Everything you hear, taste, touch and feel at the modern-day rock festival owes a substantial debt to the Pilton Pop, Blues and Folk Festival, as it was first known 40 years ago. In his authoritative book, Glastonbury: A Very English Fair, author George McKay got it in one when he wrote that the festival was "an arena for idealism, anarchy, being young, getting old disgracefully, trying to find other ways, getting out of it, hearing some great and some truly awful music" and that the festival culture it inspired is all about "a politics which admits pleasure, pop and rock music, temporary community, landscape, nature, promiscuity and narcotic".
But every year as you pitch up in Michael Eavis’s back garden you hear the rumblings begin: it’s not like it used to be. It’s lost its soul. Too middle-class. Like the Henley Regatta with music. This sort of attitude – which invariably emanates from whey-faced indie music journalists – annoyed because “ordinary” people have now been switched on to the festival (thanks in no small part to the BBC’s coverage), has been a vuvuzela-type hum at Glastonbury since the early 1990s.

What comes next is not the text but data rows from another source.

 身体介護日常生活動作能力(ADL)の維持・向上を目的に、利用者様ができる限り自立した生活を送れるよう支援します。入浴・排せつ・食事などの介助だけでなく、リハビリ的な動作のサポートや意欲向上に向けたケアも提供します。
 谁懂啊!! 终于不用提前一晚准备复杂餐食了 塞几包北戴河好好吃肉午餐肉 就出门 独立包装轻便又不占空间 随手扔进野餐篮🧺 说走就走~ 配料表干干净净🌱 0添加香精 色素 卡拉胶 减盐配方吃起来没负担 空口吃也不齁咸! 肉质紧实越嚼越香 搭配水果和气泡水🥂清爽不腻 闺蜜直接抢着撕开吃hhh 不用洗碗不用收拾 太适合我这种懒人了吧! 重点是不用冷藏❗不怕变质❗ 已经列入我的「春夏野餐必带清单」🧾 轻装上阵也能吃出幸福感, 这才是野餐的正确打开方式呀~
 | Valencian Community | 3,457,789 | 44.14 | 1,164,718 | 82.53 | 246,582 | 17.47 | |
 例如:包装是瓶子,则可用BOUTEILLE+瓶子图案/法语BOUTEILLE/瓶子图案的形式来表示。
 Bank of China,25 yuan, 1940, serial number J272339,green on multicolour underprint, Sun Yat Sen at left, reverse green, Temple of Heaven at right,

It merely distorts the real significance of the festival. Glastonbury remains a non-profit-making festival that raises a couple of million pounds each year for Greenpeace, WaterAid and Oxfam. The big-name acts that play there do so for a fraction of their usual asking price.

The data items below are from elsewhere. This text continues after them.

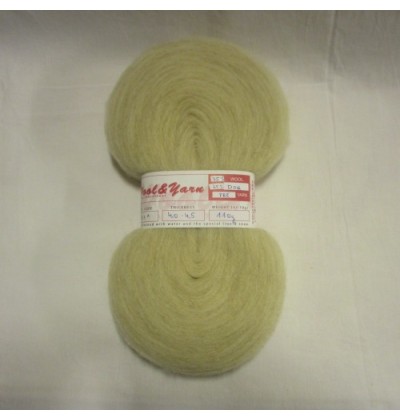 25% dog fibers and 75% sheepwool. Natural lightly creamish white Healthy...
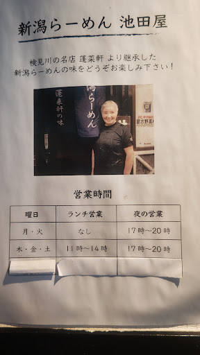 Read more2021.1.16時点で旧習志野トラックステーションから移転の池田屋さんは、現在の新潟ラーメン家池田屋さんと、高速道路近くにある和食料理店ワダチさんとに分かれています。 池田屋さんの新潟ラーメンは新検見川にあった蓬来軒さんの味を正式に継承しているそうです。 完全に私の偏見での評価となりますが、蓬来軒さんを何度か頂いた事のある自分の結論としては、「あっさりラーメンなだけで、蓬来軒さんを楽しみにして食べられなかった職場の同僚には紹介しない。」です。 その前に営業日について、店頭で見つけられなかったので他者の優秀なブログより、木金土の昼夜、月火の夜だそうです。あくまで通常の営業日です。 さて中身なのですが、蓬来軒さんは魚介出汁(メインはうるめイワシだそう。)を使用したあっさり醤油ラーメン(塩のように透明)で、もちろん池田屋さんも同様の出汁かと思い伺いました。 最初にチャーシュー麺を頂きましたが完全にチャーシューに負けて鶏ガラ等の出汁が口いっぱいに広がり、肝心の魚介の香りが感じられませんでした。 チャーシューに負けたものだと思い込み、後日改めて普通の「ラーメン」を頂きに再訪しました。 チャーシュー麺より幾分かましではありましたが、魚介の香り自体がやはり弱く、麺を口に含んだ時に魚介出汁の香りが消えて麺の瑞々しい食感と動物系の出汁が前面に出てきます。 何度も書きますが蓬来軒さんは狭かったせいもあり入店の瞬間から魚介出汁の香りが充満し、口に含んだ時も麺などに負けず、しかし臭みがあるわけでもない不思議と魅力のある味でしたが、こちらの池田屋さんの魚介出汁は静かで具材や麺に負ける程静かです。鶏ガラ等の動物系メインと思った方がいいあっさり醤油ラーメンです。 ですが全く出汁と具材の調和がないわけでもないので、興味がある方は一度食べてみて下さい。 もう一度書きますが、私は蓬来軒さんを楽しみにしていた同僚には進めません。かと言って蓬来軒さんを知らないラーメン好きの同僚にも特に進めないつもりです。 ちなみに蓬来軒さんはチャーシュー麺とラーメンのチャーシューは別物としていたはずで、新潟ラーメンは幾つか種類があり特定の種類を指...
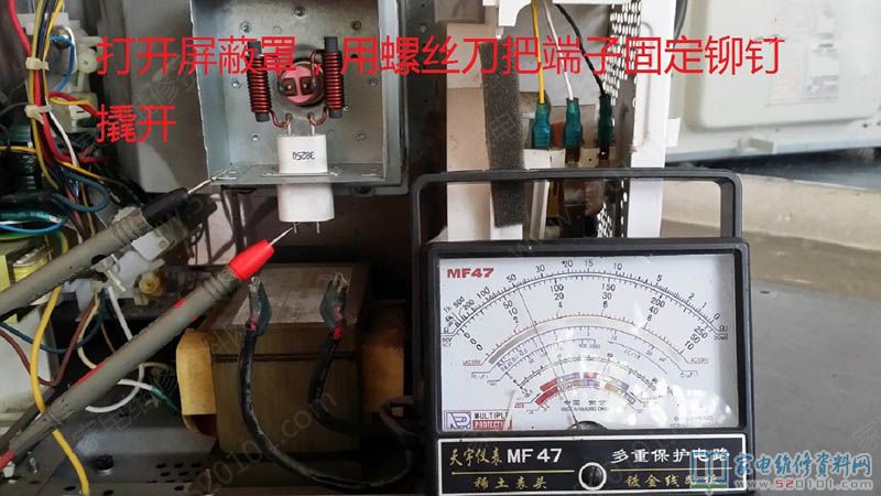 这台微波炉,测得高压端子漏电,等待手术
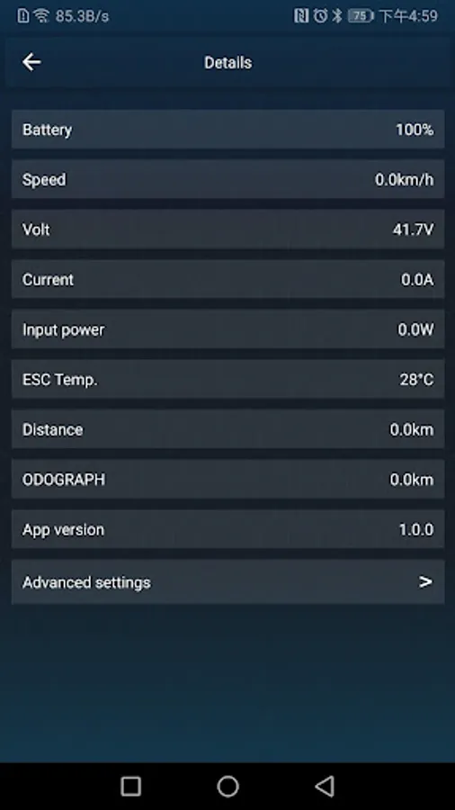The application can connect the electric scooter, set the parameters, upgrade the firmware, and read the real-time speed, electricity, voltage and other information of the vehicle.
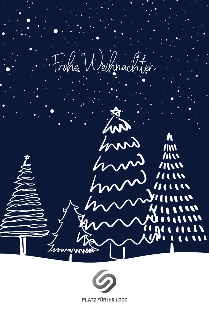 Geschäftliche Weihnachtskarte verschneiter Wald bei Nacht
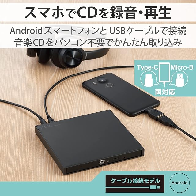 Androidのスマートフォン/タブレットとケーブル接続で、付属のアプリを使って、音楽CDの録音/再生ができるDVDドライブです。製品のカラーはブラック。
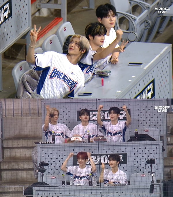 나우즈(NOWZ)는 지난 16일 서울 고척 스카이돔에서 열린 JTBC '최강야구' 두 번째 직관(직접 관람) 경기에 참석했다. 멤버들은 이날 브레이커스와 서울 야구 명문고 연합팀 경기의 시구자로 나선 같은 소속사 선배 가수인 i-dle (아이들) 미연을 응원했다.

Granted, after the weekend is over you may feel you have been hectored at every step of the way by a bunch of very militant Greens, but they have been doing the whole ecological good-vibes bit since day one. Biodegradable tent pegs made of potatoes – where else would you get them? Every hippy-dippy add-on (“holistic”, and all that jazz) at a festival near you this summer has been transplanted wholesale from Glastonbury.
To copper-fasten Glastonbury’s heritage status, this year those crazy rock’n’roll kids at the UK’s National Trust will be making their way down to Worthy Farm. They are keen to establish formal links with the festival (as they rightly should), and their first contribution will be to provide a rave light show on the Glastonbury Tor, which they manage. The Tor – believed to be the Avalon of Arthurian legend – will be lit up each night between sunset and sunrise with a variety of groovy coloured lights.